En l'absence d'ES, reste toutefois à déterminer si la rémunération de la prestation peut relever d'une catégorie de revenus autre que celles des bénéfices d'entreprises et si la convention autorise alors le prélèvement d'un impôt à la source. La qualification en « redevances » suppose un véritable transfert de savoir-faire préexistant, non divulgué et utilisable par le client (des « informations ayant trait à une expérience acquise dans le domaine industriel, commercial ou scientifique » selon le Modèle OCDE).

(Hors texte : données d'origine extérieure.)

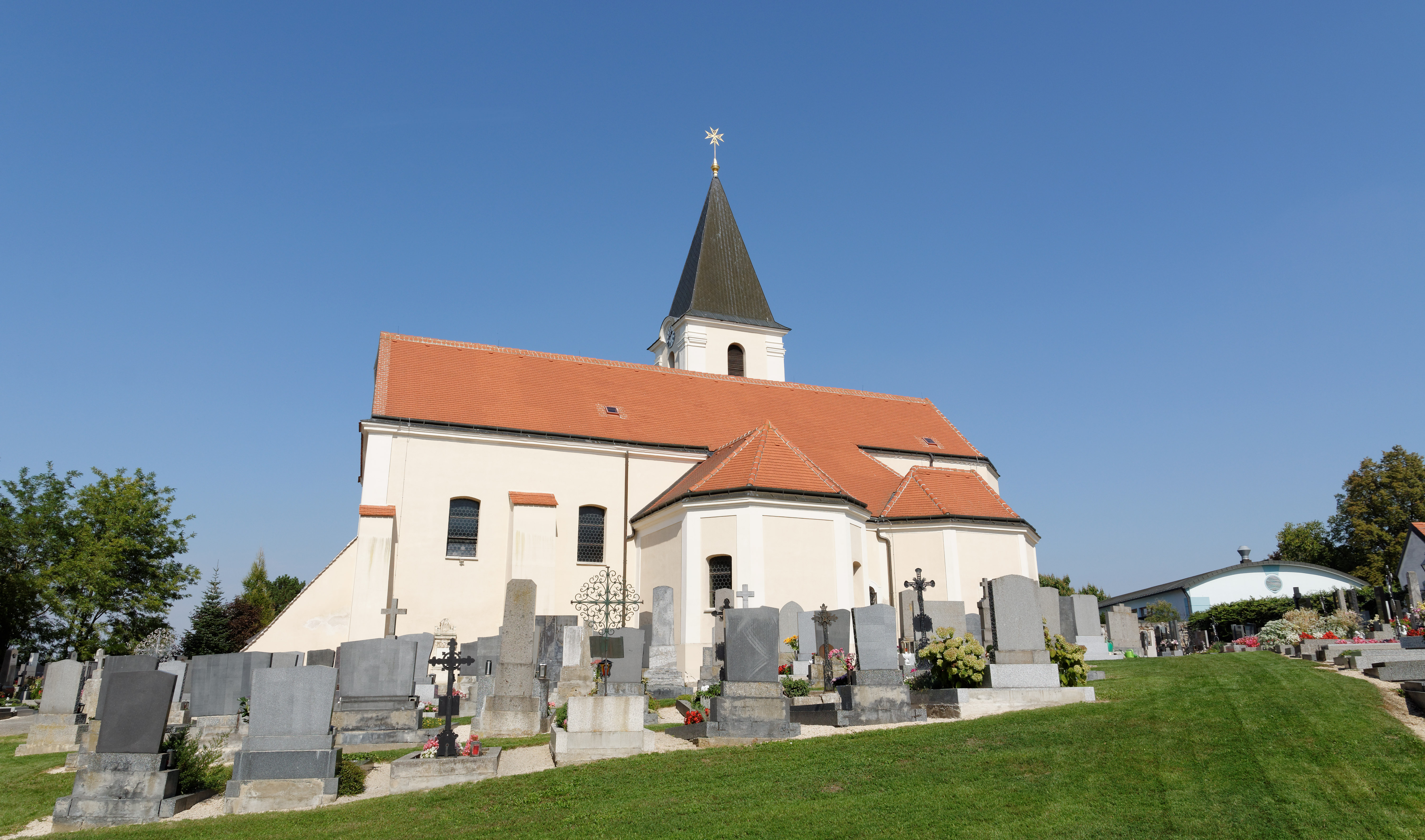 Catholic parish church at Großharras, Lower Austria, Austria

À défaut, la rémunération correspond en principe à des prestations de services relevant des bénéfices d’entreprises (ou dispositions équivalentes), sauf si la convention étend explicitement la notion de redevances aux services techniques (par exemple, la convention franco-indienne ) ou comporte un article spécifique de type « services techniques ». En cas de contrats mixtes (redevances/assistance), il est nécessaire de procéder à une ventilation ou d’appliquer la règle de l’accessoire si un élément est principal pour déterminer le traitement fiscal.

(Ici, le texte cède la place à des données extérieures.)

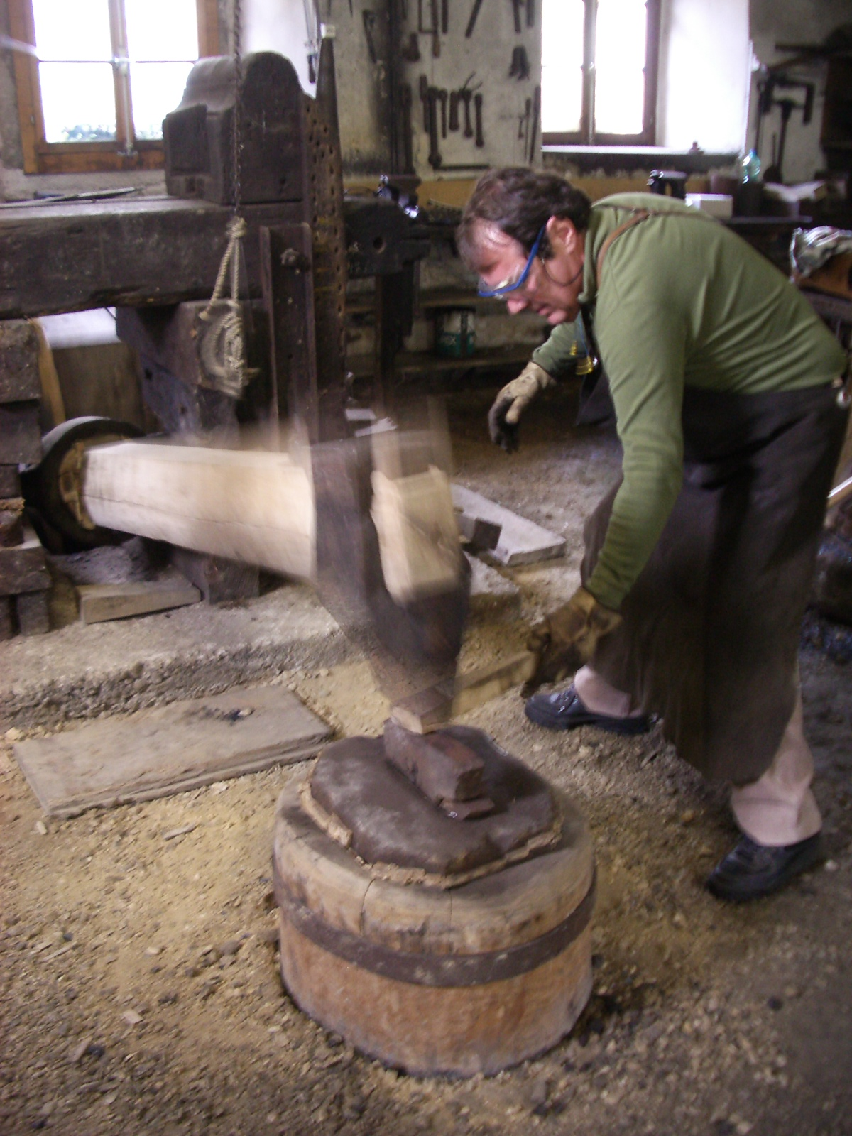 Hammer mill, Corcelles BE, Switzerland

Pour conclure, précisons que l'ONU travaille actuellement à l'élaboration d'une convention-cadre fiscale et de deux protocoles juridiquement contraignants dont l'un concerne la fiscalité des services transfrontaliers. Ce projet de l'ONU vise à rééquilibrer le développement de la politique fiscale internationale en donnant plus de pouvoir d’imposer aux pays en développement. Les travaux récents s’orientent vers des droits d’imposition partagés pour les revenus de services, avec des options discutées entre retenue à la source sur base brute et imposition sur base nette, ainsi que sur le périmètre des services couverts. Un nouveau nexus fiscal pourrait aussi, in fine, être retenu privilégiant la création de valeur (concept encore très flou) plutôt que la présence physique. Cette dynamique au sein des politiques fiscales internationales confirme la nécessité, en cas de réalisation d’une prestation transfrontière, d’une revue convention par convention avant de conclure à l’absence d’imposition à la source.
Les entreprises du secteur doivent donc être particulièrement vigilante sur les contrats impliquant des clients dans des pays en développement, ces derniers ayant une forte tendance à vouloir imposer le profit résultant de cette activité exercée sur leur territoire. Le système de la retenue à la source est très pénalisant puisqu’il impose un revenu brut sans déduction d’aucune charge. Et même lorsque la convention prévoit cette retenue à la source, il n’est pas évident que celle-ci puisse être imputée en totalité sur le bénéfice net de l’entreprise qui rend les services, entrainant un reliquat potentiel de double imposition. Quant à l’imposition au titre d’un ES de services, si elle permet une imposition sur une base nette de charges, l’expérience montre que l’allocation des charges à l’ES peut être source de discussion avec l’administration fiscale locale.